Die Nähe Gottes weiterzugeben - das ist die Aufgabe unserer Kirche, und somit auch die Aufgabe unserer Kirchengemeinde: Wir alle sind dazu aufgerufen, uns einzusetzen, dass hier in Sommerhausen, dass hier unter uns etwas spürbar wird von der Nähe Gottes. Dass die Kinder das spüren und erfahren, genauso wie die Älteren und die Senioren.
Eine Aufgabe, die uns in Coronazeiten vor eine besondere Herausforderung stellt.
Doch das und nichts anderes meint Advent: Dass Gott gekommen ist und dass er wieder kommt, das macht das Leben spannend. Im Wort „Advent“ steckt es ja drin, das „adventure“, das Abenteuer, das Spannende.
Ja gerade in diesem Jahr ist und bleibt es eine spannende Aufgabe: Trotz physischer Distanz dafür zu sorgen, dass unsere Mitmenschen Wertschätzung und Beistand wahrnehmen können.  
Viele Ideen wurden schon umgesetzt. Vom Telefonieren, über digitale Medien bis hin zum Briefe schreiben… „Schenken Sie doch eine Umarmung auf Papier“, hab‘ ich kürzlich im Radio gehört. Ja, es werden immer neue Ideen gefunden. Und das ist gut so.
Auch wenn wir viele nicht erreichen und noch lange nicht alle Gott loben können. Es ist und bleibt unsere Aufgabe, daran mitzuarbeiten, dass es immer mehr werden, die das können. Unsere Aufgabe ist es ihm, Gott, zu dienen in Heiligkeit und Gerechtigkeit, wie es da in unserem Predigtwort heißt. Immer wieder zu fragen: Gott, was willst du von mir, von uns?
Gott braucht jeden von uns in seiner Situation und mit seinen Gaben. Und dazu muss keiner perfekt sein. Aber ich bin davon überzeugt: Jeder und jede von uns hat etwas, das er/sie einbringen kann. Etwas, womit er oder sie etwas von Gottes Freundlichkeit und Licht weitergeben kann.
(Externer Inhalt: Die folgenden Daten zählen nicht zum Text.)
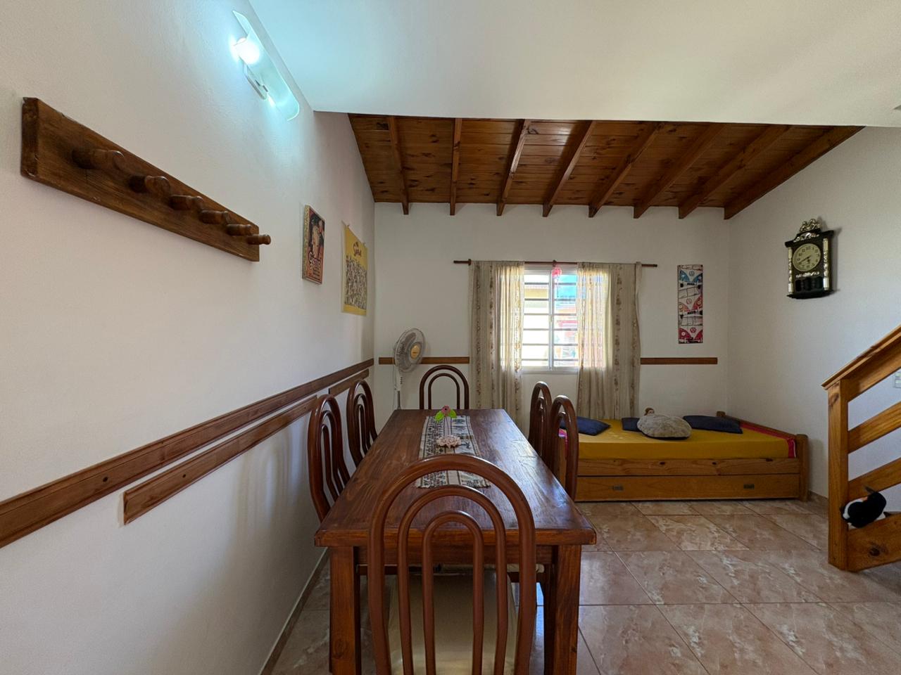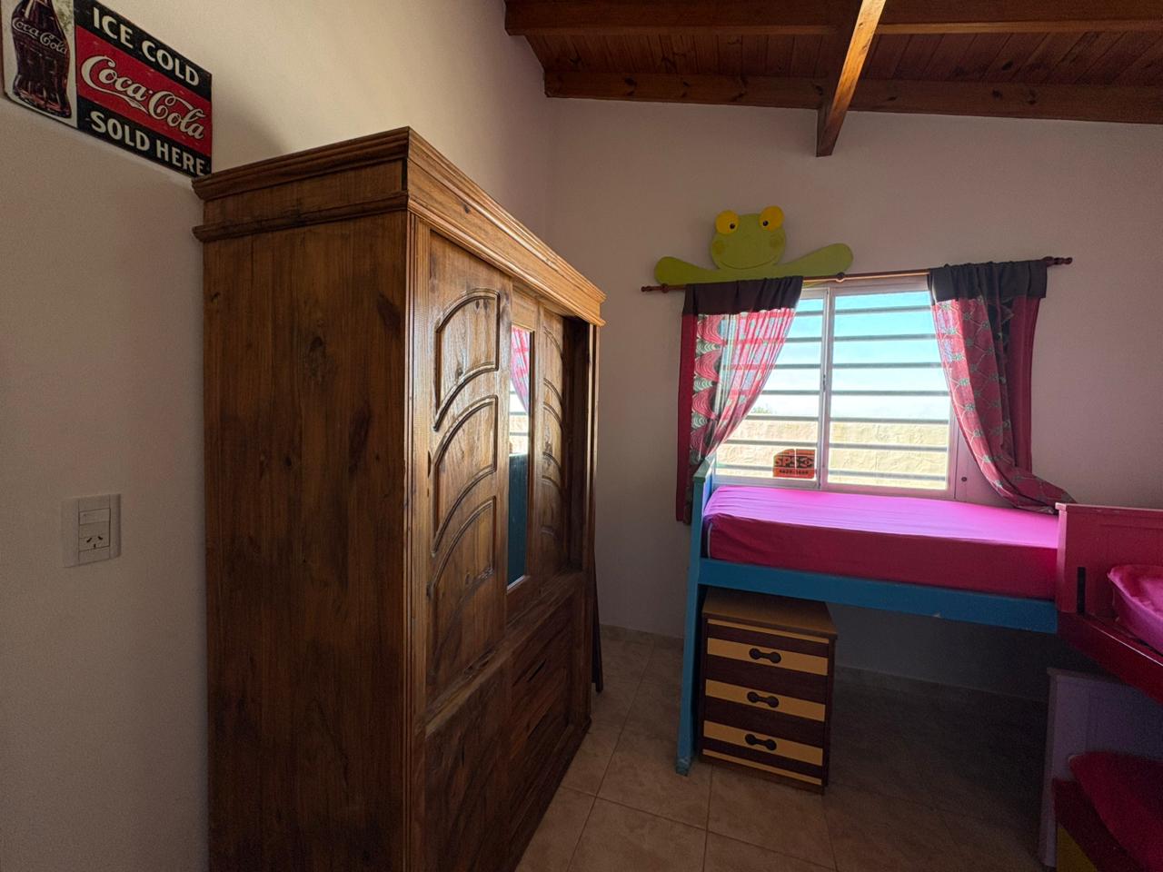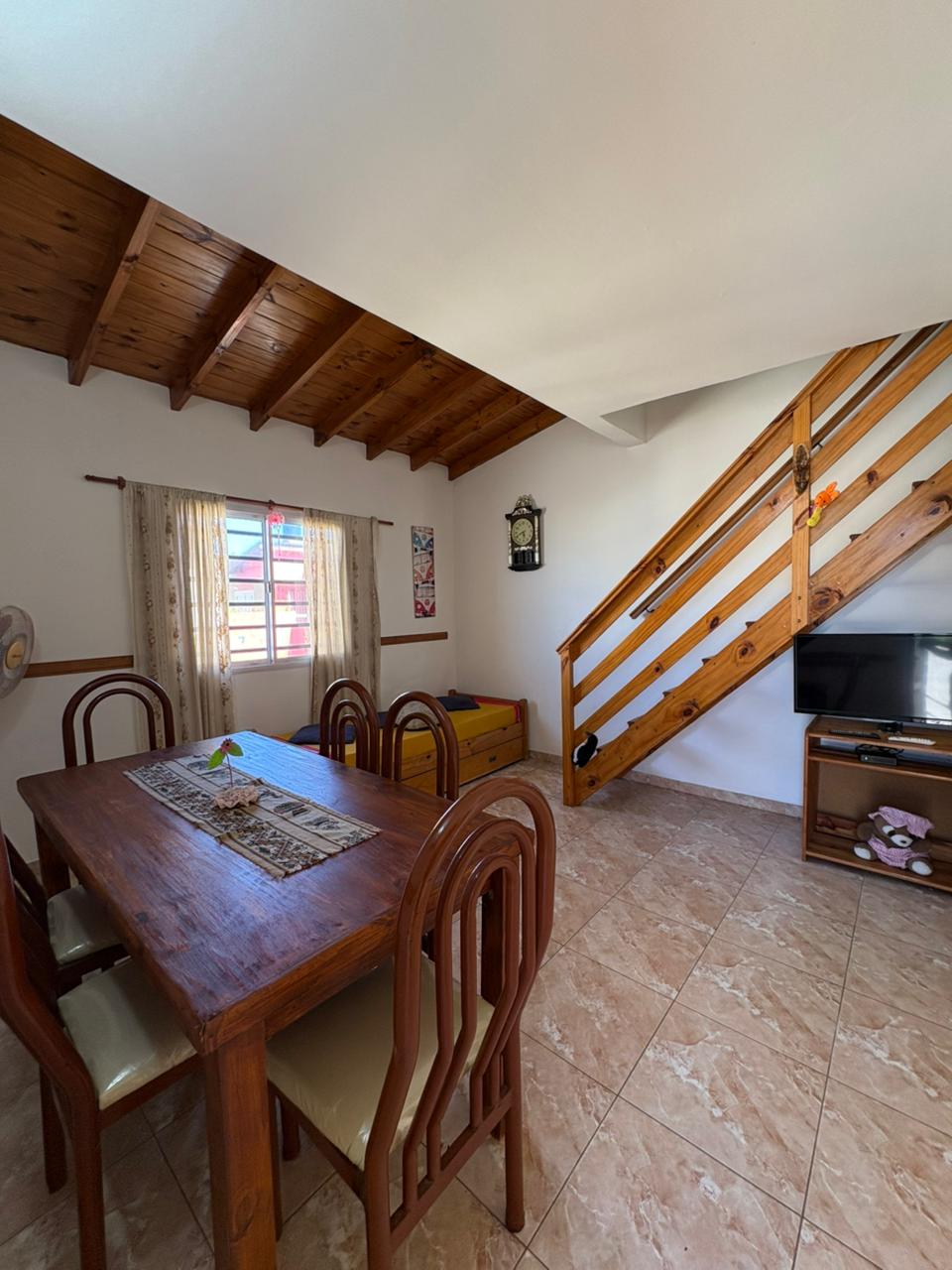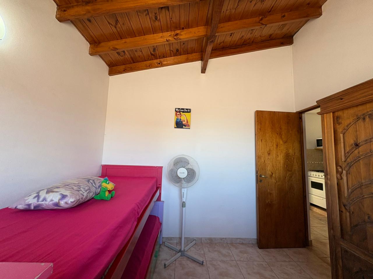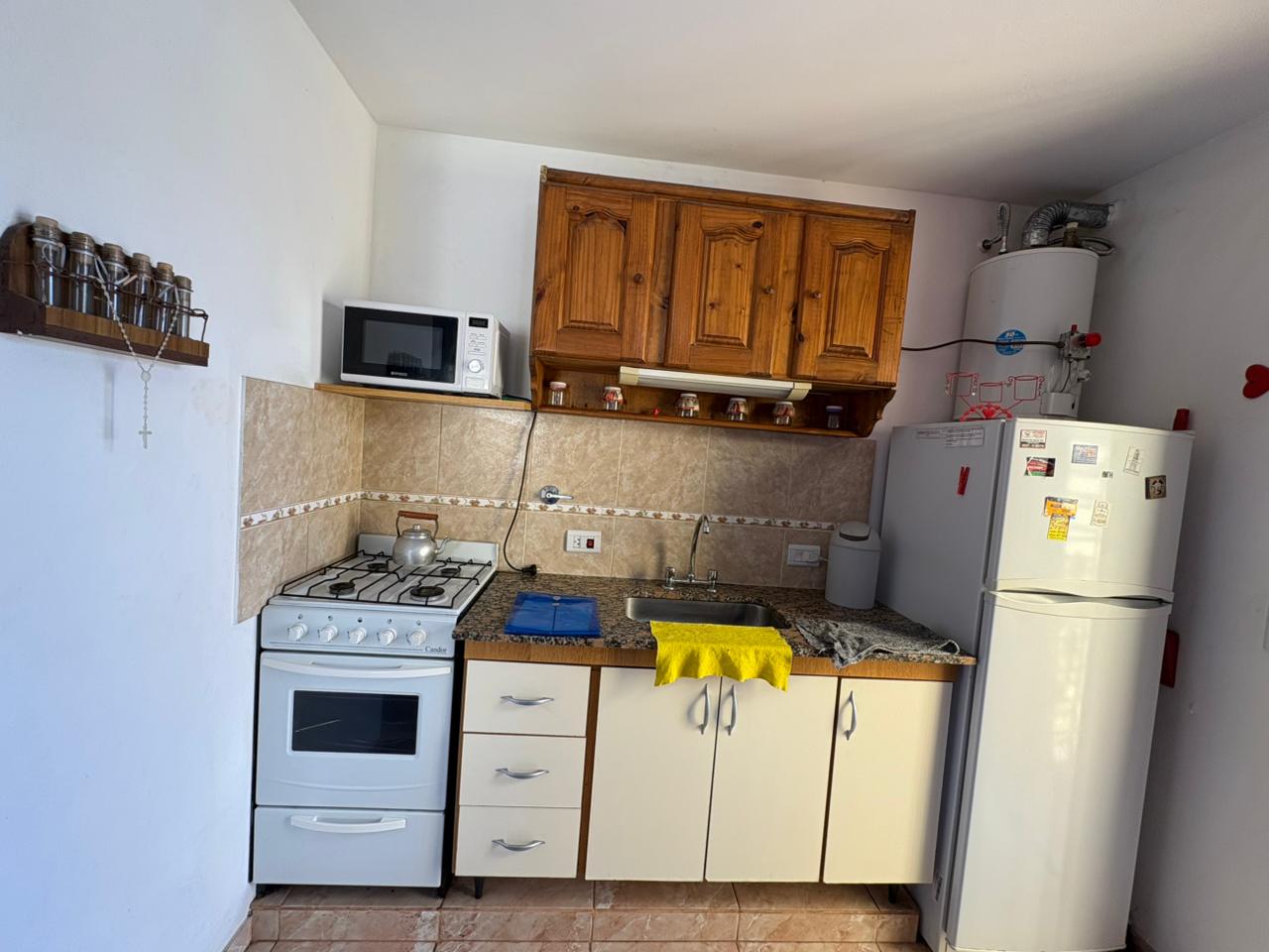 Ingresamos al complejo por medio de un portón de madera de aproximadamente 1,80 m de altura, que da acceso al camino vehicular común.Nos dirigimos al segundo bloque constructivo y accedemos al primer piso por escalera de mampostería. Al llegar, del lado izquierdo, encontramos el sector de parrilla, una bacha de cemento y, por debajo, un gabinete destinado a la conexión de garrafa.El ingreso a la propiedad se realiza a través de una reja de barrotes color negro y, a continuación, una puerta de madera en tono roble oscuro. Al ingresar, hacia la izquierda, se ubica la primera habitación con orientación sureste, cuyas medidas aproximadas son de 2,50 x 2,50 m.Continuando, se desarrolla la cocina integrada, equipada con mesada, bajo mesada, bacha de acero inoxidable, alacena, heladera y cocina artefacto. Seguido de este espacio, se encuentra el living-comedor, que se destaca por su muy buena iluminación natural.A continuación, se dispone el baño completo, revestido en cerámicos hasta una altura aproximada de 2 metros.Desde el living-comedor accedemos, mediante una escalera de madera de pino en tono roble oscuro, al segundo piso, donde se encuentra la habitación principal, con medidas aproximadas de 3,00 x 2,80 m. Este ambiente cuenta con salida a un balcón con vista al mar, ideal para disfrutar de la luz natural y el entorno.

Helfen wir uns gegenseitig, das zu entdecken! Und legen wir es zusammen!
Gott hält Wort - er kommt, er wird Mensch. Das feiern wir an Weihnachten und die Adventszeit soll uns darauf vorbereiten.
Die Adventszeit ist nicht das Ziel, sie ist der Weg!
Gott hält Wort - auf ihn kann ich mich verlassen und er hat uns Worte zugesagt, von denen wir leben können:
Fürchte dich nicht, ich bin mit dir.
Du bist wertvoll in meinen Augen, und ich habe dich lieb.
Aller Welt Enden sehen das Heil unseres Gottes.
Gott hält Wort und daran dürfen wir festhalten.
So haben wir allen Grund in den Lobgesang des alten Priesters Zacharias, wenn auch nicht mit unseren Stimmen, aber sehr wohl mit unserem Herzen einzustimmen.
 
Gelobt sei der Herr, der Gott Israels! Denn er hat besucht und erlöst sein Volk - und sein Volk, da gehören wir dazu.